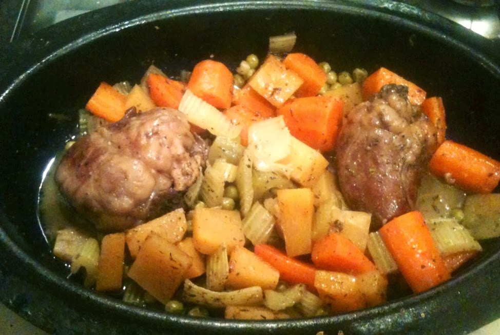 Take out, remove the foil, and stir the vegetables, and turn the hearts over. Add the peas, put the foil back on, and cook in the oven for another 15 minutes. Serve with a baked potato and plenty of English mustard.
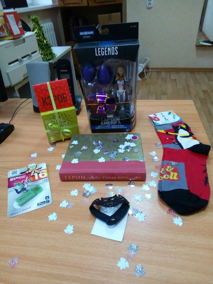 Флешка постоянно требуется на работе, а деревянную снежинку повешу на елку) Браслет с совушкой и совершенно-опупенские кото-носки! )))) Книга редкого для меня формата, всегда было интересно почитать что-то такое) И море замечательных блестящих колокольчиков)
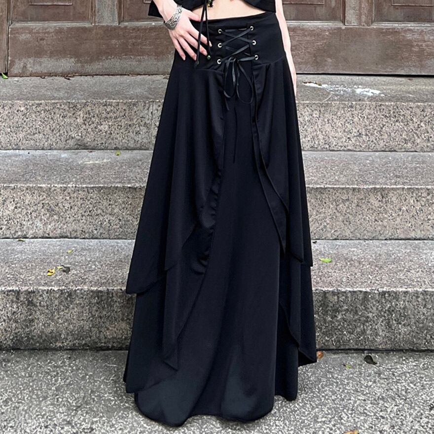 サブカル 服 地雷系 通販 ファッション 女子 ワイドパンツ レースアップリボン 巻きデザイン 袴 チャイナ風 中華 レトロ 闇かわいい ストリート系

§ **What to produce**
Word for word, give the listing above again, but drop any pictures.

§ **Task result**
 Take out, remove the foil, and stir the vegetables, and turn the hearts over. Add the peas, put the foil back on, and cook in the oven for another 15 minutes. Serve with a baked potato and plenty of English mustard.
 Флешка постоянно требуется на работе, а деревянную снежинку повешу на елку) Браслет с совушкой и совершенно-опупенские кото-носки! )))) Книга редкого для меня формата, всегда было интересно почитать что-то такое) И море замечательных блестящих колокольчиков)
 サブカル 服 地雷系 通販 ファッション 女子 ワイドパンツ レースアップリボン 巻きデザイン 袴 チャイナ風 中華 レトロ 闇かわいい ストリート系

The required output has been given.